Dani Budesca

Personal information
- Full name: Daniel Budesca López
- Date of birth: 27 May 2006 (age 20)
- Place of birth: Murcia, Spain
- Height: 1.85 m (6 ft 1 in)
- Position: Right-back

Team information
- Current team: Córdoba (on loan from Villarreal)

Youth career
- 2011–2017: Murcia
- 2017–2022: Villarreal
- 2022–2023: Roda
- 2023–2024: Villarreal

Senior career*
- Years: Team / Apps / (Gls)
- 2024–2025: Villarreal C / 9 / (0)
- 2024–2026: Villarreal B / 50 / (1)
- 2026–: Villarreal / 0 / (0)
- 2026–: → Córdoba (loan) / 0 / (0)

International career^{‡}
- 2021–2022: Spain U16 / 4 / (0)
- 2023: Spain U17 / 1 / (0)
- 2024: Spain U18 / 1 / (0)
- 2025–: Spain U19 / 1 / (0)

= Dani Budesca =

Spanish footballer (born 2006)

Daniel "Dani" Budesca López (born 27 May 2006) is a Spanish professional footballer who plays as a right-back for Córdoba CF, on loan from Villarreal CF.

==Club career==
Budesca is a product of the youth academies of Real Murcia CF and Villarreal CF. In 2022, he signed his first professional contract with the latter until 2024, and further extended his link until 2027 on 4 January 2023.

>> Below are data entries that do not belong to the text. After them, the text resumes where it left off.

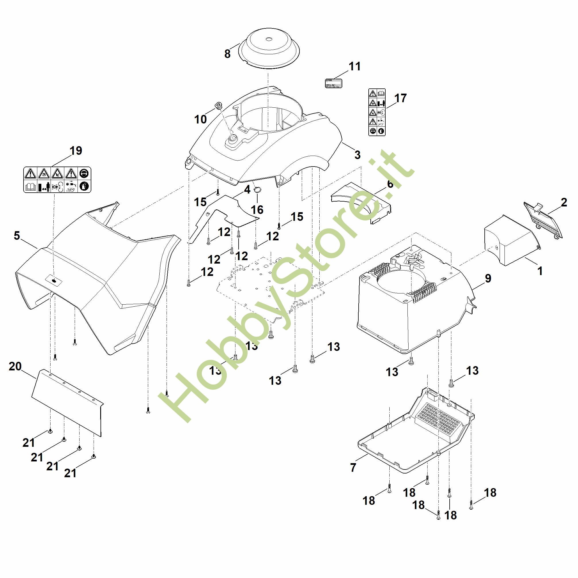 ATTENZIONE: Se nella lista sotto non compaiono i relativi ricambi riportati nell'esploso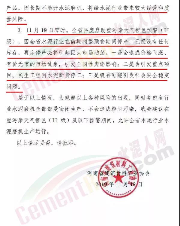 以许昌市为例,当地污染防治攻坚战领导小组通知 自11月19日0时启动重污染天气橙色,实施II级应急响应措施。停产类企业包括水泥熟料企业(经批准协同处置,危废、污泥等涉及民生的熟料生产线11月19日0时停产到位)、水泥粉磨企业、矿渣微粉企业、水泥制品企业,商砼企业等。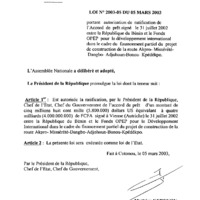 - Loi n° 2003-05 du 5 mars 2003 portant autorisation de ratification de l’accord de prêt signé le 31 juillet 2002 entre la République du Bénin et le Fonds OPEP pour le développement International dans le cadre du financement partiel du projet de construction de la route Akpro-Missérété-Dangbo-Adjohoun-Bonou-Kpédékpo.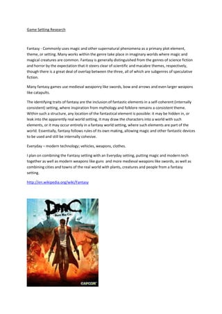 Fantasy settings commonly involve magic and supernatural elements. Many fantasy games use medieval weapons like swords and bows. Fantasy follows its own internally consistent rules allowing magic alongside other fantastic devices. The document discusses combining fantasy and everyday modern settings, involving both magic and modern technology as well as medieval and modern weapons in an integrated world. Devil May Cry is cited as an example blending the real world with a dark fantasy setting ruled by demons.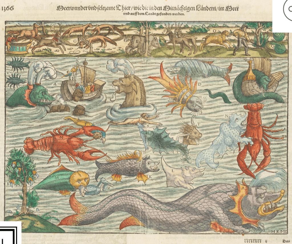 The item I chose was a Sean Monster woodcut, dated 1550 by Sebastian Munster. This hand coloured woodcut shows various sea monsters, taken from the 1550 German edition of Sebastian Munsters Cosmographia, where a gathering of hypothetical sea creatures are depicted.

Budesca made his senior debut with the C-team on 27 January 2024, in a 2–0 Tercera Federación away loss to CD Roda. He was promoted to Villarreal B in the Primera Federación for the 2024–25 season.

Budesca made his professional debut with the Yellow Submarine on 28 January 2026, coming on as a substitute in a 3–0 UEFA Champions League loss to Bayer 04 Leverkusen. On 18 August, he renewed his contract until 2031, and was loaned to Segunda División side Córdoba CF the following day.

==International career==
Budesca is a youth international for Spain, having been first called up to the Spain U16s for friendlies in 2021 and 2022.